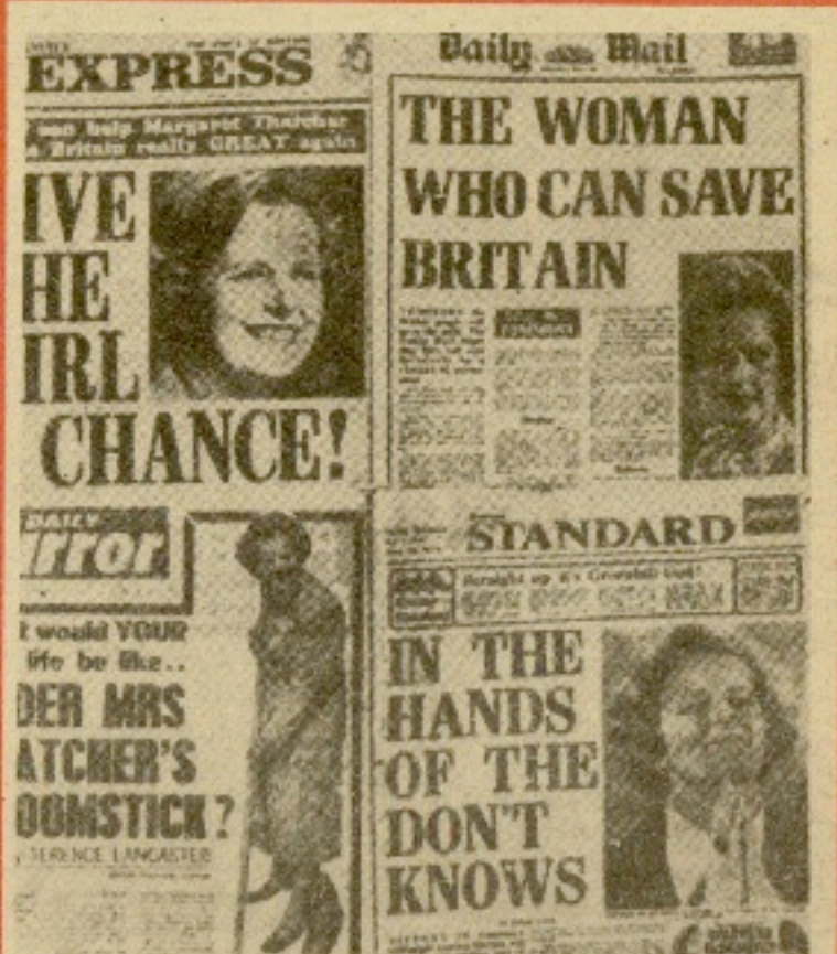
«La mujer que puede salvar a Gran Bretaña», «En manos de lo desconocido», «Déle a la chica una oportunidad...»; éstos son algunos de los titulares de la Prensa pro-conservadora británica a 24 horas de las elecciones generales de hoy.
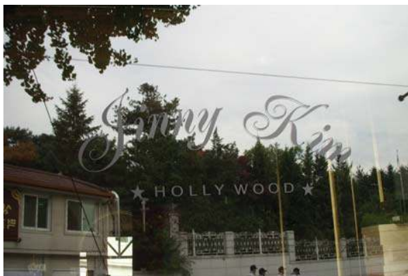
출입구 부분에 깔끔하게 로고를 적용한 사례
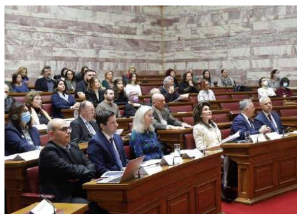
Συνεδροί και κοινό, «Πρώτη Σελίδα: Η Ελληνική Επανάσταση στον Διεθνή και Εγχώριο Τύπο», Αίθουσα Γερουσίας, Βουλή των Ελλήνων

νο χώρο, από το 1821 μέχρι το 1832, δηλαδή 1.770 ξεχωριστά τεύχη, 8.300 σελίδες, πάνω από 30.000 διαφορετικά δημοσιεύματα (ειδήσεις, ειδησάρια, άρθρα, επιστολές, ανακοινώσεις, επίσημα έγγραφα). Έχουν, επίσης, αποδελτιωθεί (για ό,τι αφορά την Ελληνική Επανάσταση) η επίσημη εφημερίδα των Ιονίων Νήσων που κυκλοφορούσε στα Επτάνησα και η εφημερίδα Times του Λονδίνου.
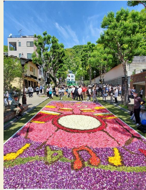
インフィオラータこうべ『北野坂』 市民ボランティアが花絵を作成 (毎年GW期間中に開催、約30万人が来訪)
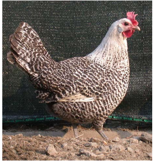
Moschettato argento femmina
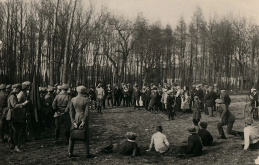
Landagitation durch sog. Agitations- und Propagandatruppen der KPD Ende der 1920er Jahre in Dahlewitz
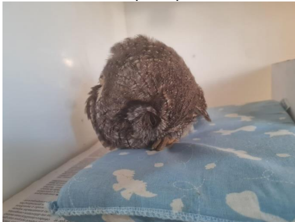
(49442) - Corujinha do mato, adulta
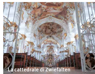
La cattedrale di Zwiefalten

In più di 25 anni fu costruita la cattedrale di Zwiefalten, Nell 1765 fu consacrata.
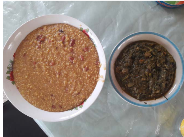
Reis mit Bohnen und Spinat/Fleischsauce
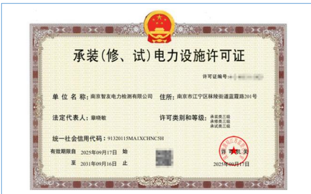
全资子公司智友检测获得承装（修、试）电力设施许可证（三级）资质
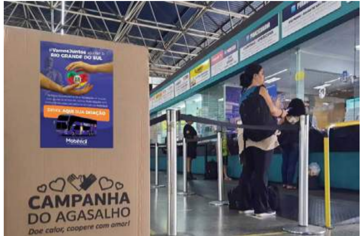
Quem desejar doar peças de roupas deve levá-las na rodoviária e depositá-las nas caixas coletoras disponíveis no guichê da Viação Piracicabana

Quem desejar doar peças de roupas deve levá-las na rodoviária e depositá-las nas caixas coletoras disponíveis no guichê da Viação Piracicabana. O endereço da rodoviária é avenida Armando de Salles Oliveira, 2277, Centro. A logística do transporte das roupas coletadas na campanha até o Rio Grande do Sul é realizada pelas empresas parceiras da Mobifácil, por meio dos ônibus da Piracicabana, Penha, Expresso Maringá, Itamarati, Expresso de Prata, Princesa, União
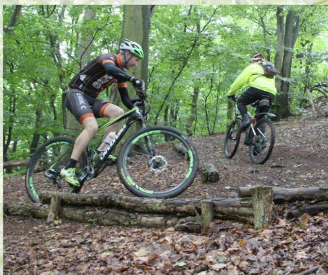
Sporet passerer 3 højdedrag på henholdsvis 50, 58 og 54 m.

Har du ideer eller kommentarer, er du velkommen til at skrive en mail til spor@auning-cm.dk
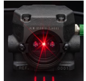
パラレルラインTYPEのハウジング

- ACTIVITY
Go through the listing above. Show each line where the word "Zwiefalten" is found.

- ANSWER BOX
La cattedrale di Zwiefalten
In più di 25 anni fu costruita la cattedrale di Zwiefalten, Nell 1765 fu consacrata.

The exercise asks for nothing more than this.